## TASK PROMPT
Please transcribe the data exactly as shown, skipping the images.

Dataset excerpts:

********

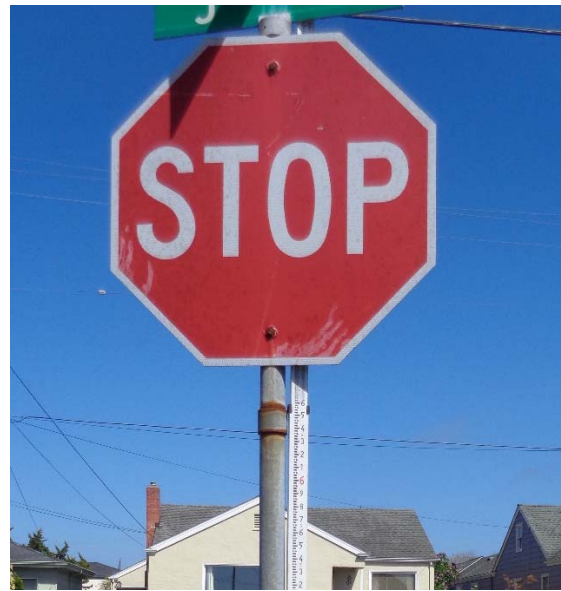
Above picture depicts a sign which failed Retroreflectivity test
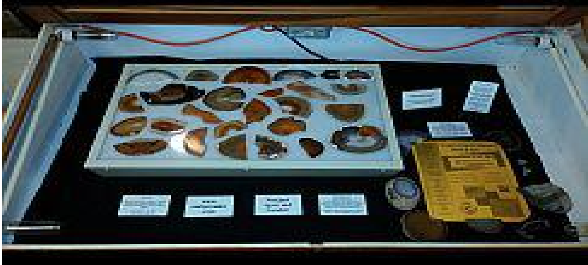
Reynolds Corner Library Display
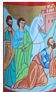
This spirit converted merciless Saul into the great apostle Paul
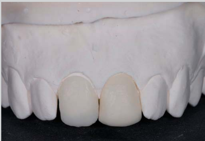
Figure 31: Frontal view of framework
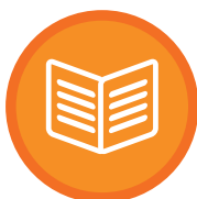
Teacher Cover Management
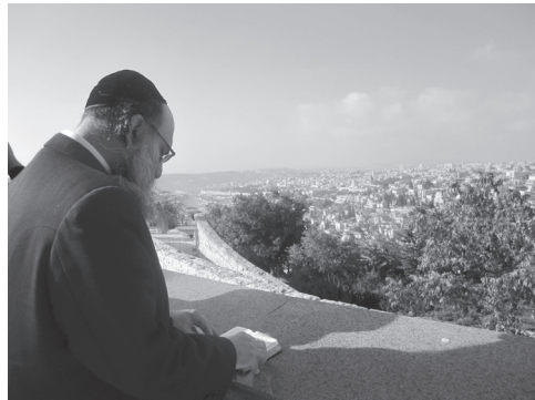
At Har HaTzofim on Chol HaMoed, gazing down on Har HaBayis
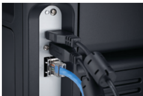
Fast data transmission with Gigabit Ethernet 10/100/1000.
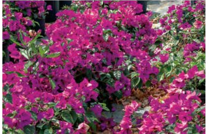
BOUGAINVILLEA BUSH PURPLE
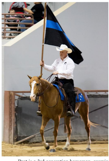
Flying L Stable located in Mount Dora Florida is featured in our new Sponsor Spotlight this month.
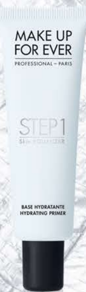
STEP 1 Skin Equalizer
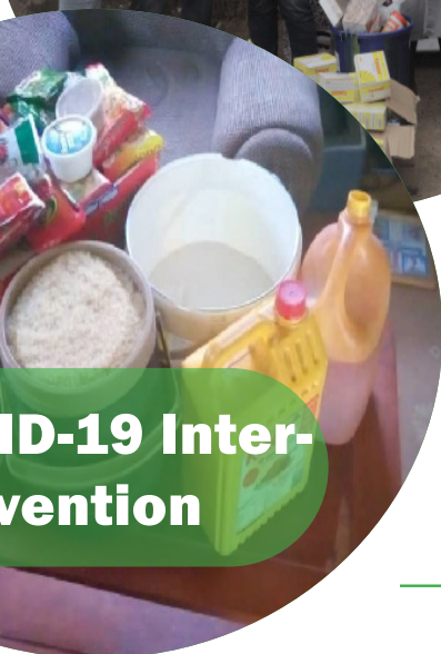
COVID-19 Inter- vention
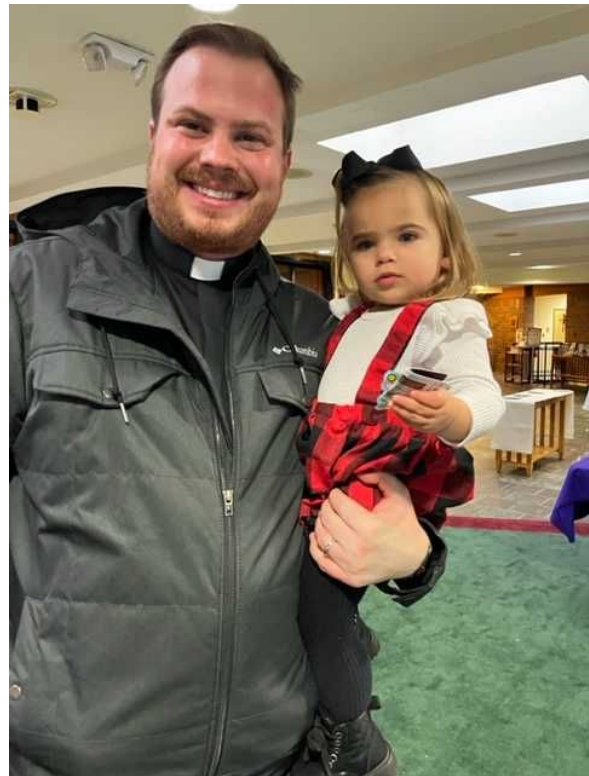
11:30 am Mass
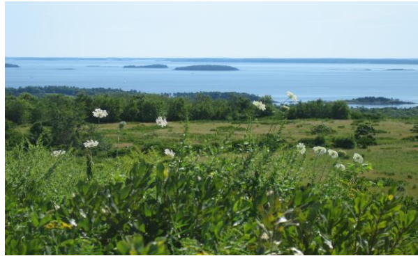
View of Penobscot Bay from Beech Hill

Originally protected by a conservation easement in 1986, the summit of Beech Hill was purchased in 2003 by Coastal Mountains Land Trust with support from Maine Coast Heritage Trust, the Land for Maine's Future program, the MBNA Foundation, and individuals who have long appreciated this dramatic and beautiful property.
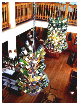
Chandeliers made from bottles above the dining room at Pegasus Bay winery
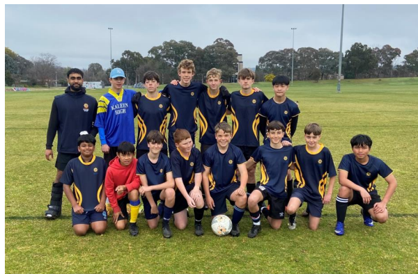
3 - 7/8 Boys team at the Northside Football Gala Day

UCHSK were successful in qualifying for the ACT Football Finals Day, through our Year 7/8 and Year 9/10 Boys' teams. This was a result of positive performances from both teams at the Northside Football Gala Day at Dickson Playing Fields, with the Year 7/8 Boys coming 2nd overall after making the Final, and the 9/10 Boys winning the Final to become Northside Champions. We then qualified for the ACT Football Finals Day, which was played at Mawson Playing Fields. This brought together the Top 2 teams from the Northside and Top 2 from the Southside, to play a Round Robin finals, followed by Semi Finals and ultimately the Final. The 7/8 Boys narrowly lost the Semi Final vs Mackillop on penalty kicks 10-9, but managed to win the 3rd v 4th Playoff, to finish 3rd in the ACT – a great achievement. The 9/10 Boys played Melrose High in the Semi Finals and won 1-0, which qualified them for the ACT Final. After a tight match that finished 0-0, it also went to penalties, with UCHSK overcoming St. Francis Xavier 9-8 to be crowned ACT Champions.
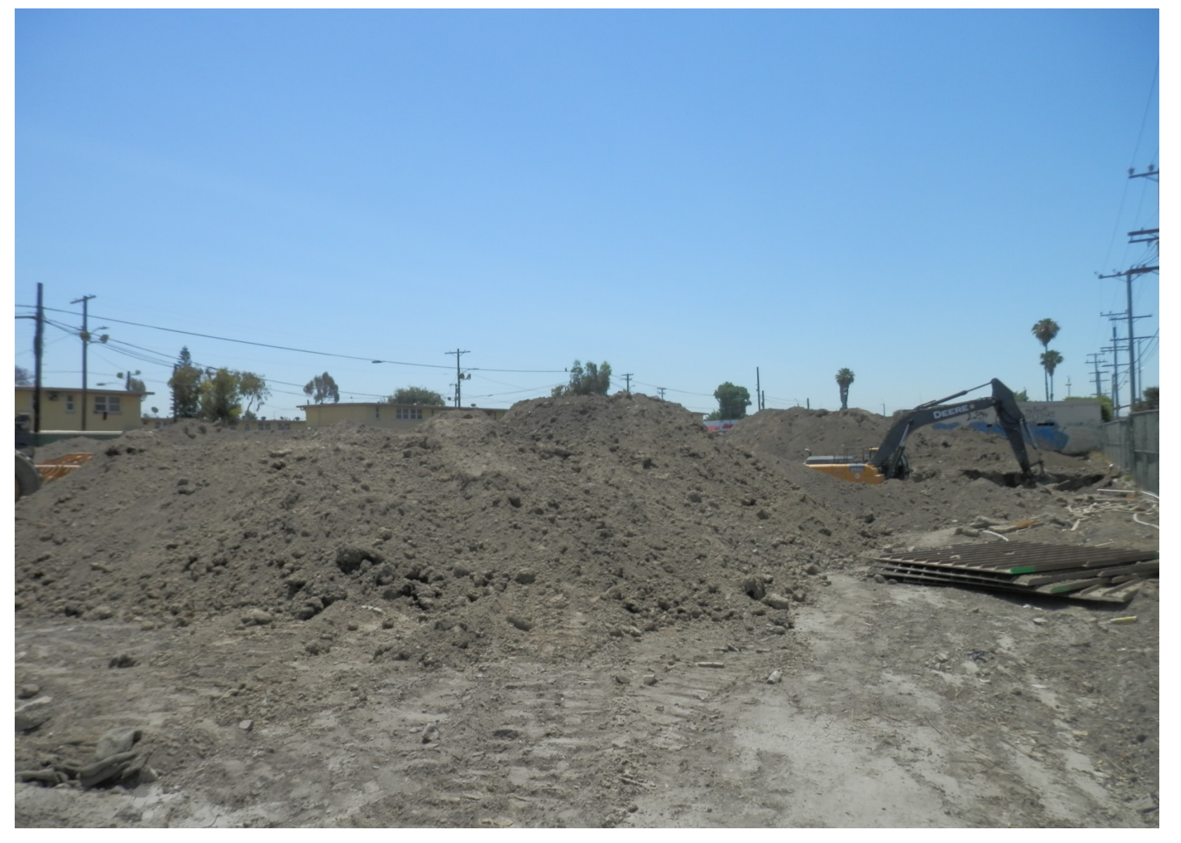
View from just inside the fence at 11408 S Central Ave.
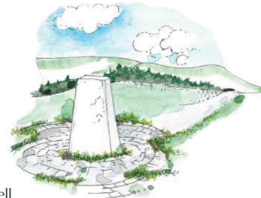
3. Beacon Fell 4 miles | 10 minute drive A Country Park with 185 acres of extensive conifer woods and moorland, offering spectacular views of the Forest of Bowland and Morecambe Bay.
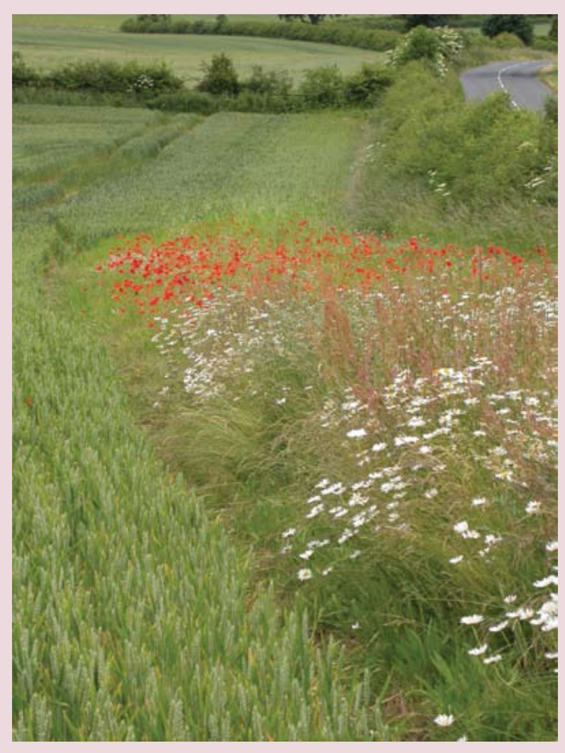
Conservation edge to an arable field

The evidence suggests that, on the whole, these schemes make a vital contribution to environmental outcomes in England (see forthcoming Natural England publication Agri environment schemes in England ). Given the current limited set of policy levers available, agri-environment schemes are likely, for the foreseeable future, to continue to be the only mechanism for rewarding those who deliver a wide range of ecosystem services from the farmed environment. Continued investment is therefore vital.
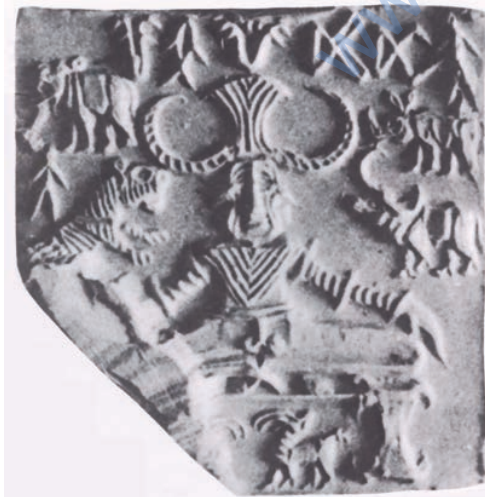
Pashupati seal/female deity

goat and also monsters. Sometimes trees or human figures were also depicted. The most remarkable seal is the one depicted with a figure in the centre and animals around. This seal is generally identified as the Pashupati Seal by some scholars whereas some identify it as the female deity. This seal depicts a human figure seated cross-legged. An elephant and a tiger are depicted to the right side of the seated figure, while on the left a rhinoceros and a buffalo are seen. In addition to these animals two antelopes are shown below the seat. Seals such as these date from between 2500 and 1900 BCE and were found in considerable numbers in sites such as the ancient city of Mohenjodaro in the Indus Valley. Figures and animals are carved in intaglio on their surfaces.
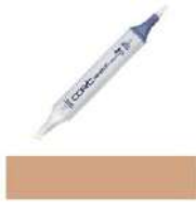
Copic Sketch Marker E25 CARIBE COCOA...
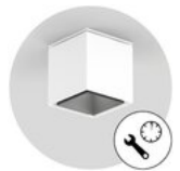
easy mounting no visible screws
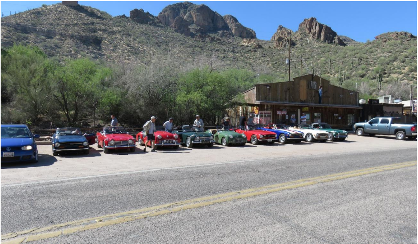
Gathering of Triumphs at Superstition Saloon and Restaurant in Tortilla Flats, AZ
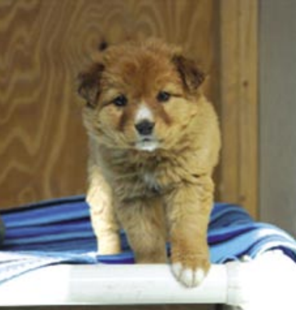
Taffy, a shelter pup (now adopted), enjoys the comfort of a Kuranda Bed.
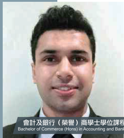
會計及銀行（榮譽）商學士學位課程 Bachelor of Commerce (Hons) in Accounting and Banking
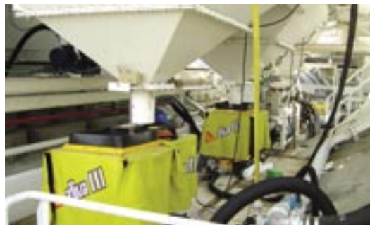
Rotor machine Aliva-263

After excavation, a layer of shotcrete is applied onto the surface of the created cavity. The functions of the shotcrete include sealing the surface and creating a supporting lining. In situations where a waterproofing membrane has to be applied subsequently, the shotcrete must also meet certain requirements regarding evenness and roughness, so that the waterproofing membrane can be installed without

********

## ANSWER SECTION
Above picture depicts a sign which failed Retroreflectivity test
Reynolds Corner Library Display
This spirit converted merciless Saul into the great apostle Paul
Figure 31: Frontal view of framework
Teacher Cover Management
At Har HaTzofim on Chol HaMoed, gazing down on Har HaBayis
Fast data transmission with Gigabit Ethernet 10/100/1000.
BOUGAINVILLEA BUSH PURPLE
Flying L Stable located in Mount Dora Florida is featured in our new Sponsor Spotlight this month.
STEP 1 Skin Equalizer
COVID-19 Inter- vention
11:30 am Mass
View of Penobscot Bay from Beech Hill

Originally protected by a conservation easement in 1986, the summit of Beech Hill was purchased in 2003 by Coastal Mountains Land Trust with support from Maine Coast Heritage Trust, the Land for Maine's Future program, the MBNA Foundation, and individuals who have long appreciated this dramatic and beautiful property.
Chandeliers made from bottles above the dining room at Pegasus Bay winery
3 - 7/8 Boys team at the Northside Football Gala Day

UCHSK were successful in qualifying for the ACT Football Finals Day, through our Year 7/8 and Year 9/10 Boys' teams. This was a result of positive performances from both teams at the Northside Football Gala Day at Dickson Playing Fields, with the Year 7/8 Boys coming 2nd overall after making the Final, and the 9/10 Boys winning the Final to become Northside Champions. We then qualified for the ACT Football Finals Day, which was played at Mawson Playing Fields. This brought together the Top 2 teams from the Northside and Top 2 from the Southside, to play a Round Robin finals, followed by Semi Finals and ultimately the Final. The 7/8 Boys narrowly lost the Semi Final vs Mackillop on penalty kicks 10-9, but managed to win the 3rd v 4th Playoff, to finish 3rd in the ACT – a great achievement. The 9/10 Boys played Melrose High in the Semi Finals and won 1-0, which qualified them for the ACT Final. After a tight match that finished 0-0, it also went to penalties, with UCHSK overcoming St. Francis Xavier 9-8 to be crowned ACT Champions.
View from just inside the fence at 11408 S Central Ave.
3. Beacon Fell 4 miles | 10 minute drive A Country Park with 185 acres of extensive conifer woods and moorland, offering spectacular views of the Forest of Bowland and Morecambe Bay.
Conservation edge to an arable field

The evidence suggests that, on the whole, these schemes make a vital contribution to environmental outcomes in England (see forthcoming Natural England publication Agri environment schemes in England ). Given the current limited set of policy levers available, agri-environment schemes are likely, for the foreseeable future, to continue to be the only mechanism for rewarding those who deliver a wide range of ecosystem services from the farmed environment. Continued investment is therefore vital.
Pashupati seal/female deity

goat and also monsters. Sometimes trees or human figures were also depicted. The most remarkable seal is the one depicted with a figure in the centre and animals around. This seal is generally identified as the Pashupati Seal by some scholars whereas some identify it as the female deity. This seal depicts a human figure seated cross-legged. An elephant and a tiger are depicted to the right side of the seated figure, while on the left a rhinoceros and a buffalo are seen. In addition to these animals two antelopes are shown below the seat. Seals such as these date from between 2500 and 1900 BCE and were found in considerable numbers in sites such as the ancient city of Mohenjodaro in the Indus Valley. Figures and animals are carved in intaglio on their surfaces.
Copic Sketch Marker E25 CARIBE COCOA...
easy mounting no visible screws
Gathering of Triumphs at Superstition Saloon and Restaurant in Tortilla Flats, AZ
Taffy, a shelter pup (now adopted), enjoys the comfort of a Kuranda Bed.
會計及銀行（榮譽）商學士學位課程 Bachelor of Commerce (Hons) in Accounting and Banking
Rotor machine Aliva-263

After excavation, a layer of shotcrete is applied onto the surface of the created cavity. The functions of the shotcrete include sealing the surface and creating a supporting lining. In situations where a waterproofing membrane has to be applied subsequently, the shotcrete must also meet certain requirements regarding evenness and roughness, so that the waterproofing membrane can be installed without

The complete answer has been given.